DATA TO EXAMINE section start

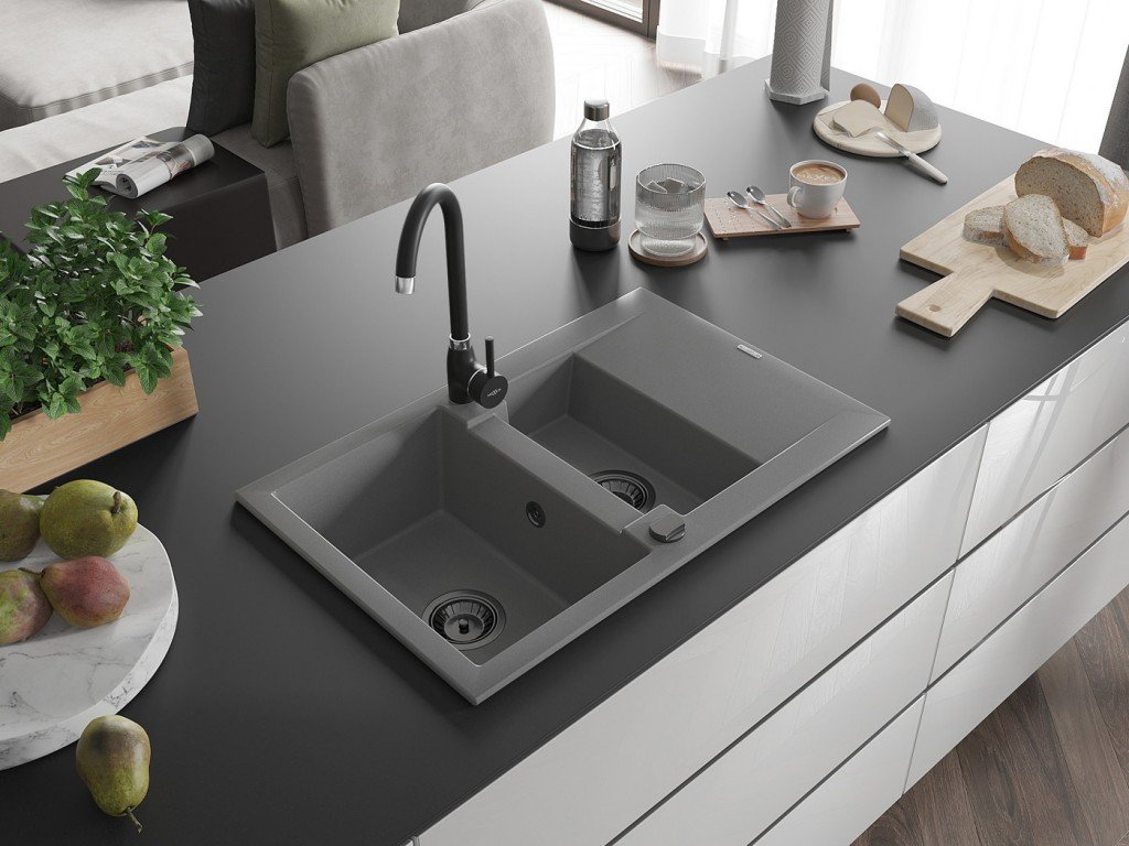 Kuchyňský granitový dřez odolný vůdči poškrábání, teplotním šokům a nárazům. Směs přírodní pryskyřice a hustého granitu.
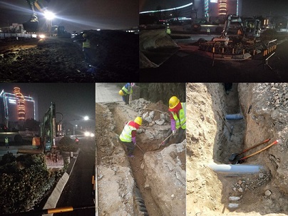 夜里,家人們忙著溝槽土方開挖外運(yùn),并齊心協(xié)力拆除黑龍江路路口導(dǎo)流島及路緣石。春夜雖然料峭,家人們的拼勁卻溫暖了夜空。燈火闌珊,機(jī)器轟鳴,催人奮進(jìn)。白天,項(xiàng)目部管理人員則組織勞務(wù)開展挖溝槽工作,并協(xié)助甲方進(jìn)行承臺(tái)探坑開挖,進(jìn)展喜人。
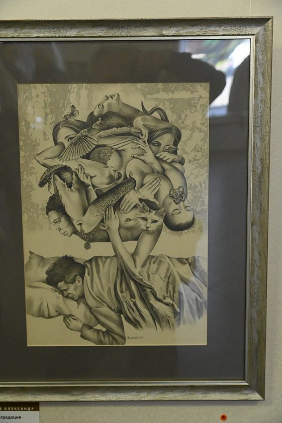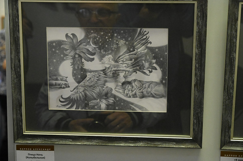 — Александр Александрович был очень знаковой фигурой в 90-е годы прошлого столетия, — рассказал Михаил. — Он художник и поэт, музыкант и неуловимый немножко. Мне кажется, что в своих работах Карпов создаёт энциклопедию с образом человека в этой вселенной. А ещё он удивительный рассказчик о жизни в своих работах, каждая как маленький мир, в котором можно много что рассматривать, изучать, интересоваться.
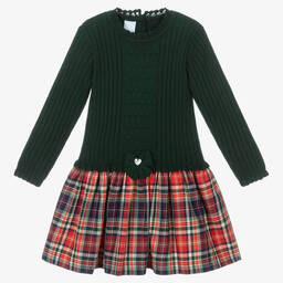 Dark green knitted cardigan for boys by Spanish brand Artesania Granlei, exclusive to Childrensalon. Soft and lightweight, it has a revere collar, neat, ribbed trims and is ideal as an extra layer on cooler days. It fastens with green buttons on the front and has a mother-of-pearl logo charm sewn by the hemline.
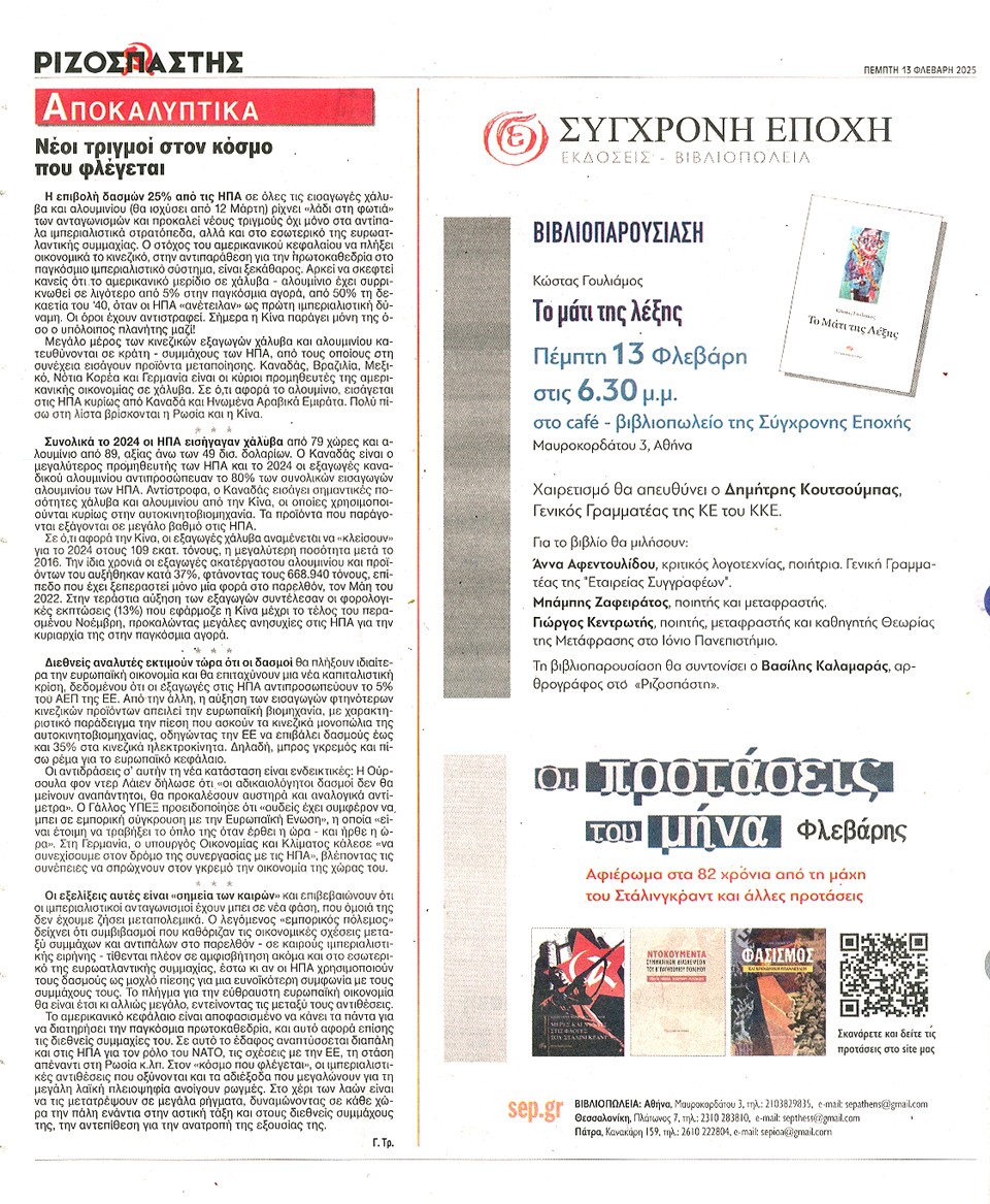 ΡΙΖΟΣΠΑΣΤΗΣ - 13 Φεβρουαρίου 2025

DATA TO EXAMINE section end

Your task is to retype exactly, and only, the lines from the one that holds "夜里,家人們忙著溝槽土方開挖" through the end of the listing, both end lines included, without any pictures.

RESULT:
 夜里,家人們忙著溝槽土方開挖外運(yùn),并齊心協(xié)力拆除黑龍江路路口導(dǎo)流島及路緣石。春夜雖然料峭,家人們的拼勁卻溫暖了夜空。燈火闌珊,機(jī)器轟鳴,催人奮進(jìn)。白天,項(xiàng)目部管理人員則組織勞務(wù)開展挖溝槽工作,并協(xié)助甲方進(jìn)行承臺(tái)探坑開挖,進(jìn)展喜人。
 — Александр Александрович был очень знаковой фигурой в 90-е годы прошлого столетия, — рассказал Михаил. — Он художник и поэт, музыкант и неуловимый немножко. Мне кажется, что в своих работах Карпов создаёт энциклопедию с образом человека в этой вселенной. А ещё он удивительный рассказчик о жизни в своих работах, каждая как маленький мир, в котором можно много что рассматривать, изучать, интересоваться.
 Dark green knitted cardigan for boys by Spanish brand Artesania Granlei, exclusive to Childrensalon. Soft and lightweight, it has a revere collar, neat, ribbed trims and is ideal as an extra layer on cooler days. It fastens with green buttons on the front and has a mother-of-pearl logo charm sewn by the hemline.
 ΡΙΖΟΣΠΑΣΤΗΣ - 13 Φεβρουαρίου 2025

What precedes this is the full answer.